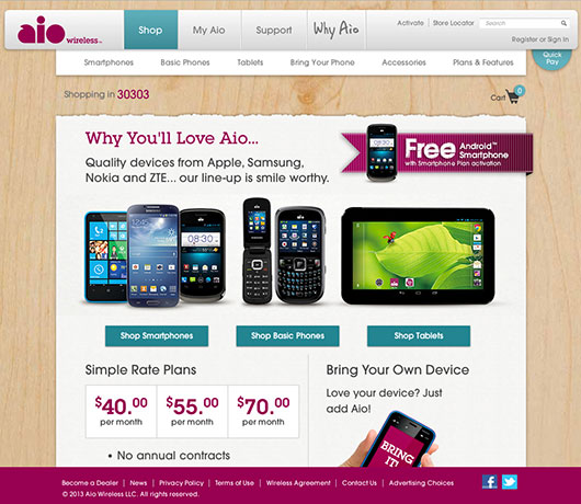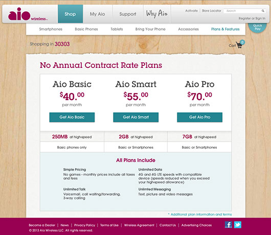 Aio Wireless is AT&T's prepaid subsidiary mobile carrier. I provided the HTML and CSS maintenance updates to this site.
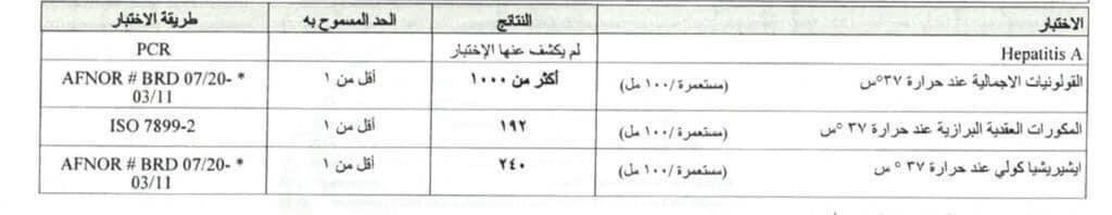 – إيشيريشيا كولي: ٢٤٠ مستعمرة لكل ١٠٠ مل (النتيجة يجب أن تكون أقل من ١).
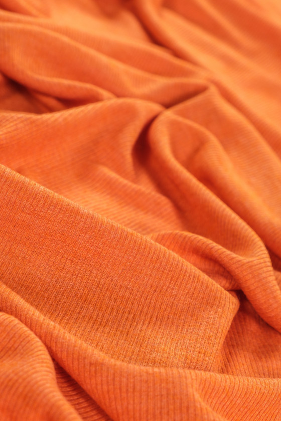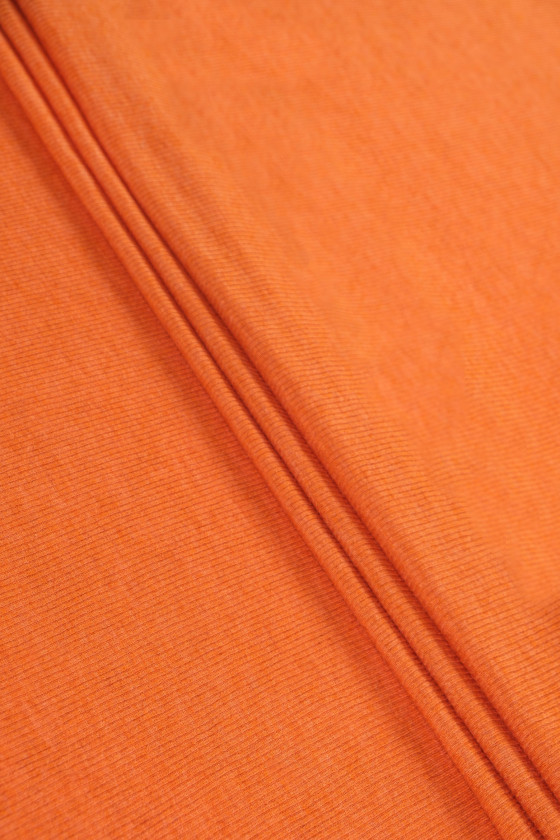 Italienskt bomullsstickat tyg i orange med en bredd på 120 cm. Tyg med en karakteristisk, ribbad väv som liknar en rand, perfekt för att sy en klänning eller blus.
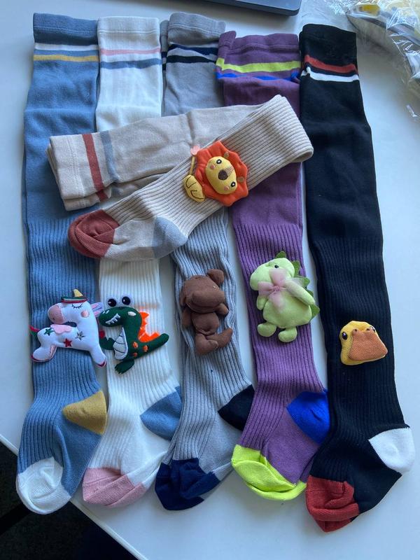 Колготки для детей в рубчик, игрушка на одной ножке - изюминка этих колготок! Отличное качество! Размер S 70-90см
○ ○ ○ ○
_WHAT TO WORK ON_
Would you copy all of the data exactly? Keep the pictures out of it.

_ANSWER TO THIS TASK_
 Aio Wireless is AT&T's prepaid subsidiary mobile carrier. I provided the HTML and CSS maintenance updates to this site.
 – إيشيريشيا كولي: ٢٤٠ مستعمرة لكل ١٠٠ مل (النتيجة يجب أن تكون أقل من ١).
 Italienskt bomullsstickat tyg i orange med en bredd på 120 cm. Tyg med en karakteristisk, ribbad väv som liknar en rand, perfekt för att sy en klänning eller blus.
 Колготки для детей в рубчик, игрушка на одной ножке - изюминка этих колготок! Отличное качество! Размер S 70-90см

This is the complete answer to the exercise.